Sur l’autre, celle de la narratrice, obligée de passer par le langage pour nommer son désir, et au sein même de ce désir qu’elle nomme, trahir l’inflexion de l’Idéal à la Matière. Pour dire le sentiment amoureux, le langage ne va pas nommer le sentiment mais décrire les sensations de manière parcellaire et organique ; les décortiquer et démembrer pour retranscrire le sentiment.
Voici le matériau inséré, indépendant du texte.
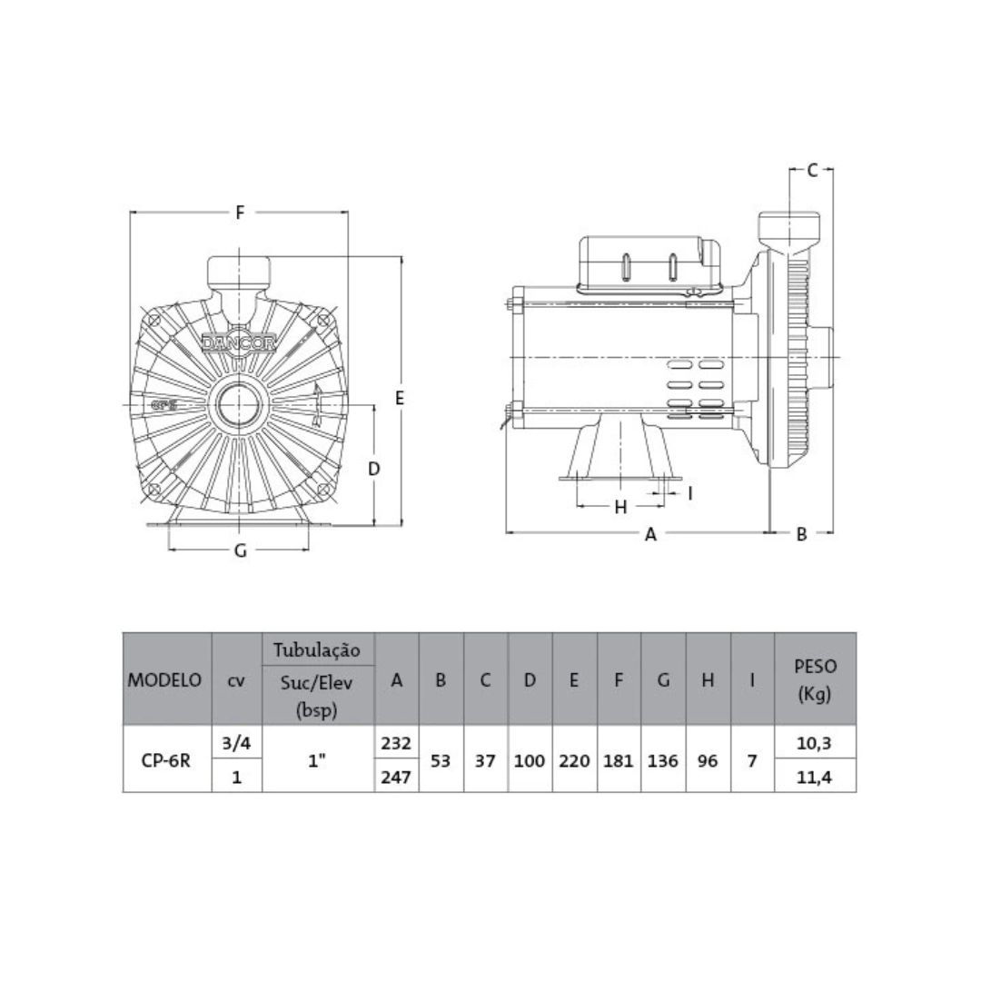 Bomba Centrifuga Cp-6r 1cv Monofásica 110/220v - Dancor - 10408364

«  Partout dans mon corps mille particules soulèvent mes membres, et c’est à la fois de la peur et de la glace, du miel et de la lavande. Je comprends de moins en moins ce qui se passe, je sens seulement arriver, comme une lame de fond, un grand tremblement qui me saisit des pieds à la tête. Je finis par lâcher la nasse qui retombe dans le lac. Je ne peux déterminer de laquelle, la peur ou la joie, je suis la proie, médusée par la fixité du regard d’Igor. Le sang fourmille à mes tempes puis coule en nappe de chaleur dans mes joues, mon cou, le long de mon œsophage, emplit ma poitrine devenue nid, se répand dans mon ventre devenu antre, et je finis en flaque chaude, entièrement molle, prête à disparaître dans les boues du lac. »

(p. 11)

Une écriture, semble-t-il, qui passe par la description minutieuse des sensations pour dire l’émotion. Mais autre chose, à propos de l’écriture. Ce roman est un roman-conte. Tout  y est allégorique et détaché du réel, les structures politiques et sociales (le Grand oubli, le Comité), tout est y détaché du réel excepté le lieu, certes nommé, mais qui demeure lui-même lieu de rêverie et métaphore : le lac Taïgal.
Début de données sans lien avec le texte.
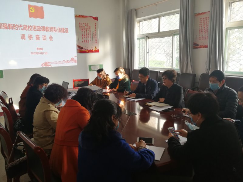 座谈会上,大家围绕我校关于加强思想政治理论课教师队伍建设实施意见的制定工作进行了深入讨论。思政部党政负责人及各教研室主任既肯定了学校的实施意见,又结合我校思政队伍的实际情况,从进一步提高思想政治素质、充实思政课教师队伍、提升学历层次、改善职称结构、加强集体备课以提高教学效果、开展科研工作以提高教学水平、加强培训以提升教师素质、落实建立名师工作室等方面提出了具体建议。

Une immense sensation de calme est écrit au présent. Il s’ouvre par un «  À PRESENT IL FAUT QUE JE RACONTE », rappelant l’incipit de tous les textes primitifs : l’épopée («  Je chante aux muses » Homère) et les contes oraux ou écrits. C’est l’histoire d’une rencontre et d’un amour entre deux personnes opposées, en apparence, narration d’un amour dont la linéarité est parasitée, attaquée de l’intérieur par des analepses.

De quoi sont faites ces analepses ?

Tous les retours en arrière décrivent les derniers moments d’échanges, des moments de transmission entre une petite-fille et ses grands-parents, la grand-mère surtout, puis leur mort, avec cette idée, essentielle, que leur mort participe de l’ordre des choses, et d’un retour à la Nature. Revient sans cesse l’image du grand-père qui disparaît comme «  les feuilles mortes » : son corps retourne à la matière et au cosmos auquel il appartient – organiquement.

Une transmission, disais-je, faite à la petite-fille par la grand-mère, ou plutôt le legs d’un monde ancien, par la mémoire, préexistant avant sa propre existence, celle de la narratrice, sa petite-fille.

Une immense sensation de calme fait coexister deux puissances, comme deux représentations du monde, qui convergent vers un seul but, celui unique aux deux amants : la puissance de vie (la narration du désir amoureux et de son accomplissement) et la puissance de mort. Il s’agit de rappeler par la mémoire d’un passé perdu, et le souvenir des morts, dans cette puissance de vie qui existe, et s’exprime à l’instant T du texte, l’urgence de la vie elle-même, celle immanente, organique et simple : « Car nous sommes tous de passages. Simplement de passage. » (p. 119), dernière phrase du texte.

Eve Guerra


Une immense sensation de calme de Laurine Roux, publié sous la direction de Marc Villemain, éditions du Sonneur, mars 2018.